Willpower enables you to control the choices you make, and high-glycaemic foods can sometimes be the right choice. If you’re feeling exhausted at the end of a long working day and dinner is two hours away, a bar of chocolate can sustain you (if your goal is to quit chocolate, ignore the last sentence!).

If you’re approaching the end of a long drive, a pit stop for coffee and something sweet may be the right choice.
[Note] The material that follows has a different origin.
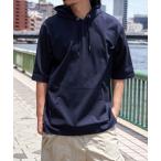 パーカー 梨地フルZIP5分袖フードパーカ メンズ

A boost of glucose may help sustain your willpower for the last leg of the journey, and reduce the likelihood of you getting a speeding ticket because of poor control over your speed – an example of willpower failure.

Maintaining willpower increases the energy demands on your brain. Glucose, a product of carbohydrates, is your brain’s favourite energy source. By carefully choosing foods that release glucose over relatively shorter or longer periods – typically ranging from 15 to 20 minutes to perhaps 1 to 2 hours – you give your brain what it needs to take on and win the willpower challenge!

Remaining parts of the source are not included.